General rules to place indexes the propper way? Should I think about using multidimensional indexes? Where should I use them at first on the JOINS, the WHERE or the GROUP BY, if I remember right there should be a hierarchy to follow. Also If I have 1 row for all tables but one (in the row column of the explain table) how can I optimize usually my optimization consists in ending up with only one row for all columns but one.
All tables average from 100k to 1000k+ rows.
CREATE TABLE datab1.sku_performance
SELECT
table1.sku,
CONCAT(table1.sku,' ',table1.fk_container ) as sku_container,
table1.price as price,
SUM( CASE WHEN ( table1.fk_table1_status = 82
OR table1.fk_table1_status = 119
OR table1.fk_table1_status = 124
OR table1.fk_table1_status = 141
OR table1.fk_table1_status = 131) THEN 1 ELSE 0 END)
/ COUNT( DISTINCT id_catalog_school_class) as qty_returned,
SUM( CASE WHEN ( table1.fk_table1_status In (23,13,44,65,6,75,8,171,12,166))
THEN 1 ELSE 0 END)
/ COUNT( DISTINCT id_catalog_school_class) as qt,
container.id_container as container_id,
container.idden as container_idden,
container.delivery_badge,
catalog_school.id_catalog_school,
LEFT(catalog_school.flight_fair,2) as departing_country,
catalog_school.weight,
catalog_school.flight_type,
catalog_school.price,
table_3.id_table_3,
table_3.fk_catalog_brand,
MAX( LEFT( table_3.note,3 )) AS supplier,
GROUP_CONCAT( product_number, ' by ',FORMAT(catalog_school_class.quantity,0)

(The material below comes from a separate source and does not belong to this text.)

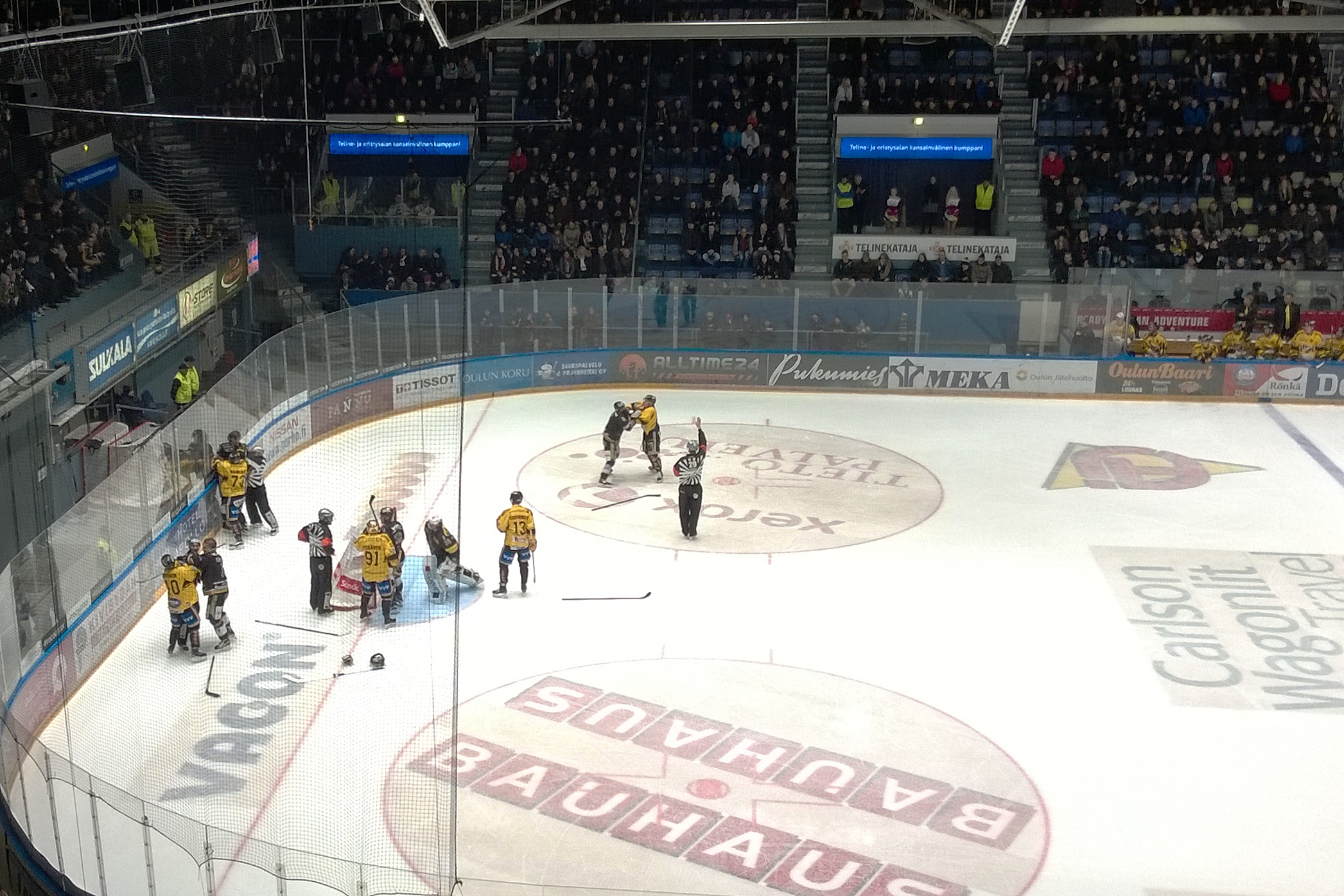 The game Kärpät vs KalPa in the Oulu Ice Hall on December 12, 2015.

ORDER BY product_number ASC SEPARATOR ' + ') as supplier_prod,
Sum( distinct( catalog_school_class.purch_pri * catalog_school_class.quantity)) AS final_purch_pri,
catalog_groupp.idden as supplier_idden,
catalog_category_details.id_catalog_category,
catalog_category_details.cat1 as product_cat1,
catalog_category_details.cat2 as product_cat2,
COUNT( distinct catalog_school_class.id_catalog_school_class) as setinfo,
datab1.pageviewgrouped.pv as page_views,
Sum(distinct(catalog_school_class.purch_pri * catalog_school_class.quantity)) AS purch_pri,
container_has_table_3.position,
max( table1.created_at ) as last_order_date
FROM
table1
LEFT JOIN container
ON table1.fk_container = container.id_container
LEFT JOIN catalog_school
ON table1.sku = catalog_school.sku
LEFT JOIN table_3
ON catalog_school.fk_table_3 = table_3.id_table_3
LEFT JOIN container_has_table_3
ON table_3.id_table_3 = container_has_table_3.fk_table_3
LEFT JOIN datab1.pageviewgrouped
on table_3.id_table_3 = datab1.pageviewgrouped.url
LEFT JOIN datab1.catalog_category_details
ON datab1.catalog_category_details.id_catalog_category = table_3_has_catalog_minority.fk_catalog_category
LEFT JOIN catalog_groupp
ON table_3.fk_catalog_groupp = catalog_groupp.id_catalog_groupp
LEFT JOIN table_3_has_catalog_minority
ON table_3.id_table_3 = table_3_has_catalog_minority.fk_table_3
LEFT JOIN catalog_school_class
ON catalog_school.id_catalog_school = catalog_school_class.fk_catalog_school
WHERE
table_3.status_ok = 1
AND catalog_school.status = 'active'
AND table_3_has_catalog_minority.is_primary = '1'
GROUP BY
table1.sku,
table1.fk_container;
rows per table :
.table1 960096 to 1.3mn rows
.container 9275 to 13000 rows
.catalog_school 709970 to 1 mn rows
.table_3 709970 to 1 mn rows
.container_has_table_3 709970 to 1 mn rows
.pageviewgrouped 500000 rows
.catalog_school_class 709970 to 1 mn rows
.catalog_groupp 3000 rows
.table_3_has_catalog_minority 709970 to 1 mn rows
.catalog_category_details 659 rows
Too much to put into a single comment, so I'll add here and adjust later as possibly needed... You have LEFT JOINs everywhere, but your WHERE clause is specifically qualifying fields from the Table_3, Catalog_School and Table_3_has_catalog_minority. This by default changes them to INNER JOINs.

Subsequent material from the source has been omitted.